• [INFORMATION SHOWN]:

┏━━

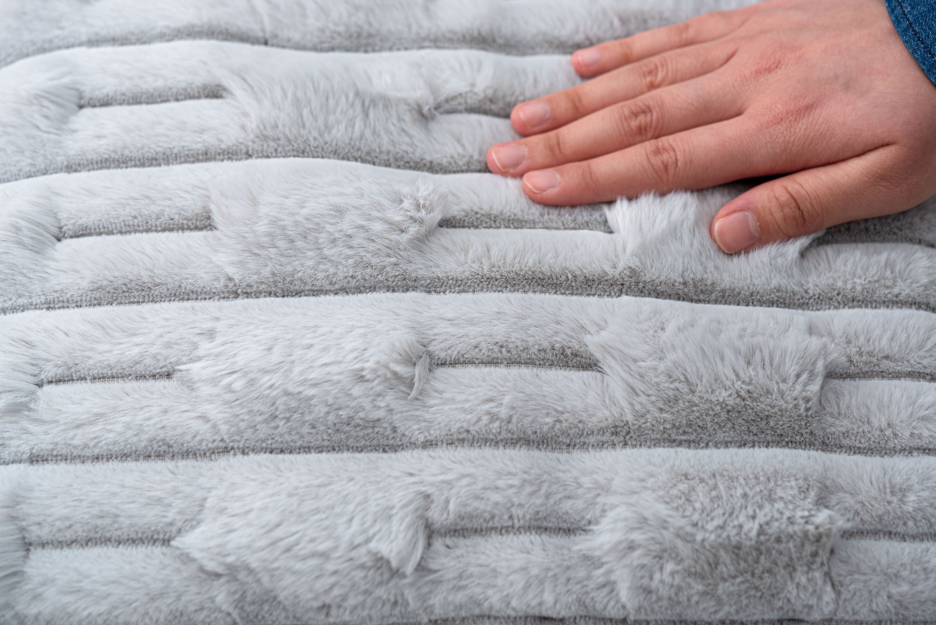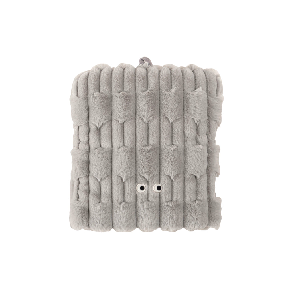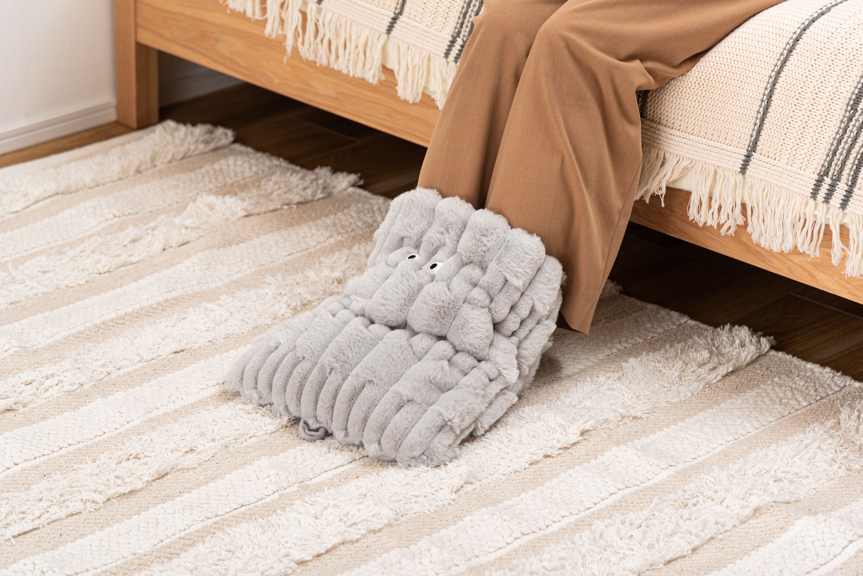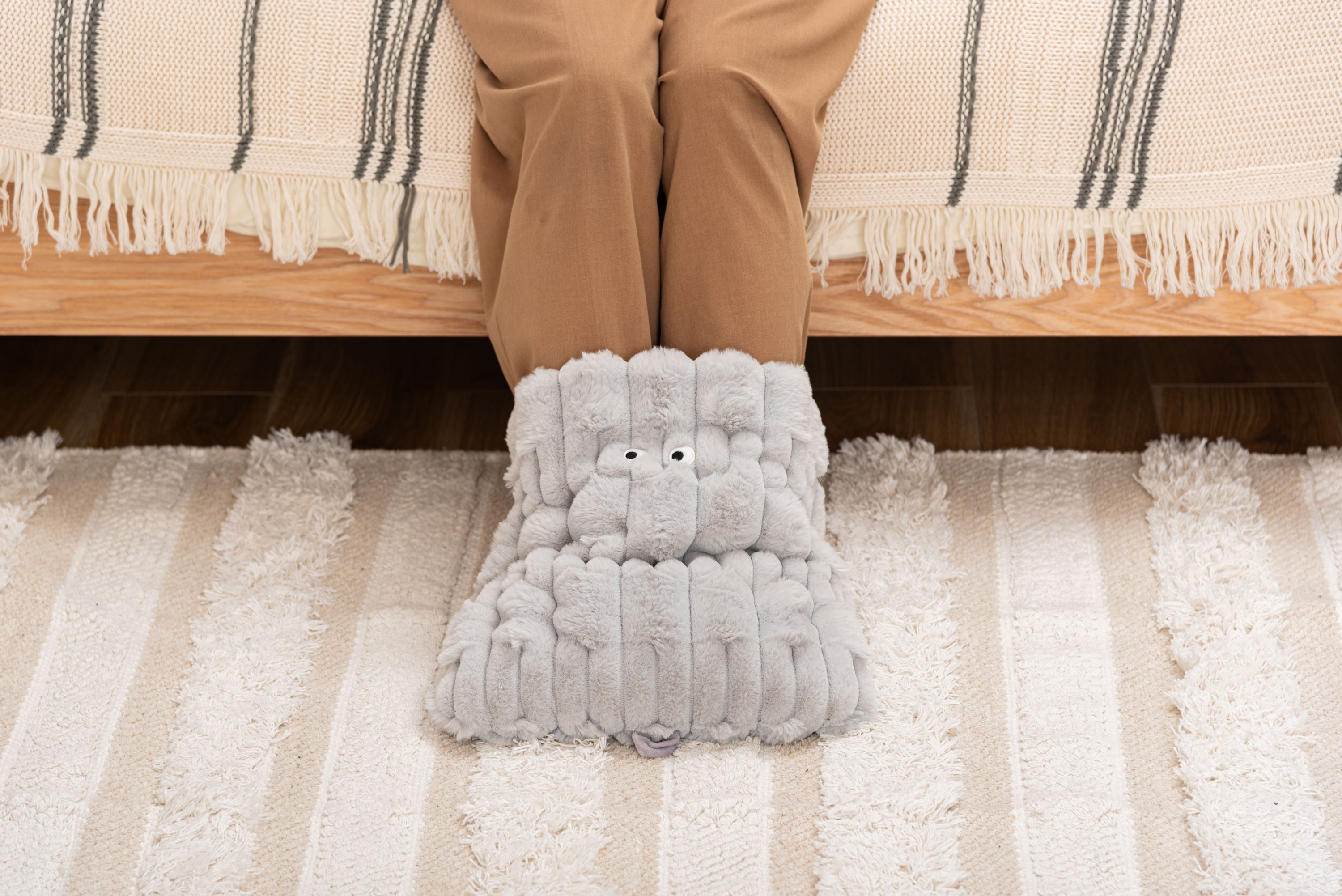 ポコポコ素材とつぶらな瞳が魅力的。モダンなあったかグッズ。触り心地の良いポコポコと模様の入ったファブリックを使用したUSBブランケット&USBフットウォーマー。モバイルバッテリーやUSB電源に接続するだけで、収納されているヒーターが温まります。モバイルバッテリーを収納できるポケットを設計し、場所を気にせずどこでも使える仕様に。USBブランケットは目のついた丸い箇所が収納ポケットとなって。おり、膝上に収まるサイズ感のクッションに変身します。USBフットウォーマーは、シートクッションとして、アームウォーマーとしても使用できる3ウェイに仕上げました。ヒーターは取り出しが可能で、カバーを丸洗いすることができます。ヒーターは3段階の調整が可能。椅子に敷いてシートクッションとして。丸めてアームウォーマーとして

┗━━
┏━━

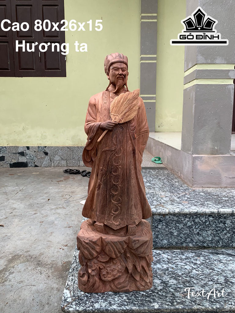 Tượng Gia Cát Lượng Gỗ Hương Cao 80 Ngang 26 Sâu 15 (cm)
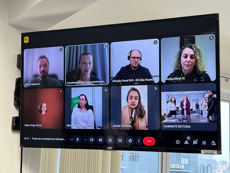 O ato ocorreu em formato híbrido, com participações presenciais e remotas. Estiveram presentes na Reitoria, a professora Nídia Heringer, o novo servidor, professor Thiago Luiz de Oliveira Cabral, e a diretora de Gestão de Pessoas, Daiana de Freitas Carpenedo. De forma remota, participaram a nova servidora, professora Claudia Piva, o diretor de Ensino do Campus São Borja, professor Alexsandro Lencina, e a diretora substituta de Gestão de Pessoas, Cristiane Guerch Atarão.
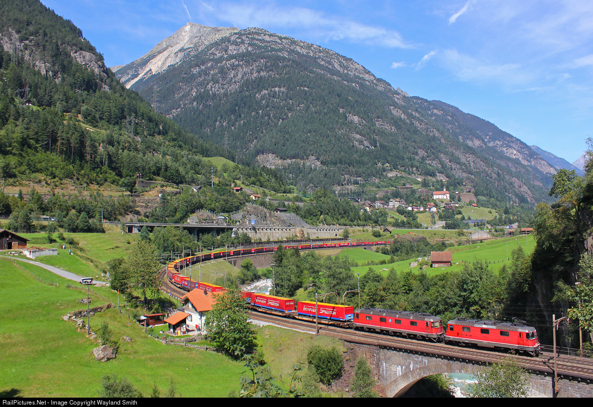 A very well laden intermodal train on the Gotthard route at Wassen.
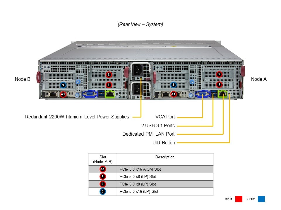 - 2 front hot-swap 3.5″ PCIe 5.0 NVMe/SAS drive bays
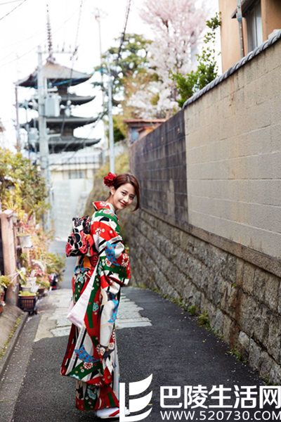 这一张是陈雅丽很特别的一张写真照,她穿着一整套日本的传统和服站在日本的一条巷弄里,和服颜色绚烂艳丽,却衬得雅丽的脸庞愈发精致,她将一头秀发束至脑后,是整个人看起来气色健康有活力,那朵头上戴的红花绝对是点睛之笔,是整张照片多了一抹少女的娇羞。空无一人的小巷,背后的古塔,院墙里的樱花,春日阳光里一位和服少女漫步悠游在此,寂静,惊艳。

┗━━
┏━━

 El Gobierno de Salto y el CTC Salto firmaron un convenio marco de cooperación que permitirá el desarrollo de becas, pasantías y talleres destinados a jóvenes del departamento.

┗━━

Reproduce, word for word, only the lines in the records above from the line with "Tượng Gia Cát" through the line with "这一张是陈雅丽很特别的一张写", including both ends; omit the pictures.

• [ANSWER FOR THIS EXERCISE]:
 Tượng Gia Cát Lượng Gỗ Hương Cao 80 Ngang 26 Sâu 15 (cm)
 O ato ocorreu em formato híbrido, com participações presenciais e remotas. Estiveram presentes na Reitoria, a professora Nídia Heringer, o novo servidor, professor Thiago Luiz de Oliveira Cabral, e a diretora de Gestão de Pessoas, Daiana de Freitas Carpenedo. De forma remota, participaram a nova servidora, professora Claudia Piva, o diretor de Ensino do Campus São Borja, professor Alexsandro Lencina, e a diretora substituta de Gestão de Pessoas, Cristiane Guerch Atarão.
 A very well laden intermodal train on the Gotthard route at Wassen.
 - 2 front hot-swap 3.5″ PCIe 5.0 NVMe/SAS drive bays
 这一张是陈雅丽很特别的一张写真照,她穿着一整套日本的传统和服站在日本的一条巷弄里,和服颜色绚烂艳丽,却衬得雅丽的脸庞愈发精致,她将一头秀发束至脑后,是整个人看起来气色健康有活力,那朵头上戴的红花绝对是点睛之笔,是整张照片多了一抹少女的娇羞。空无一人的小巷,背后的古塔,院墙里的樱花,春日阳光里一位和服少女漫步悠游在此,寂静,惊艳。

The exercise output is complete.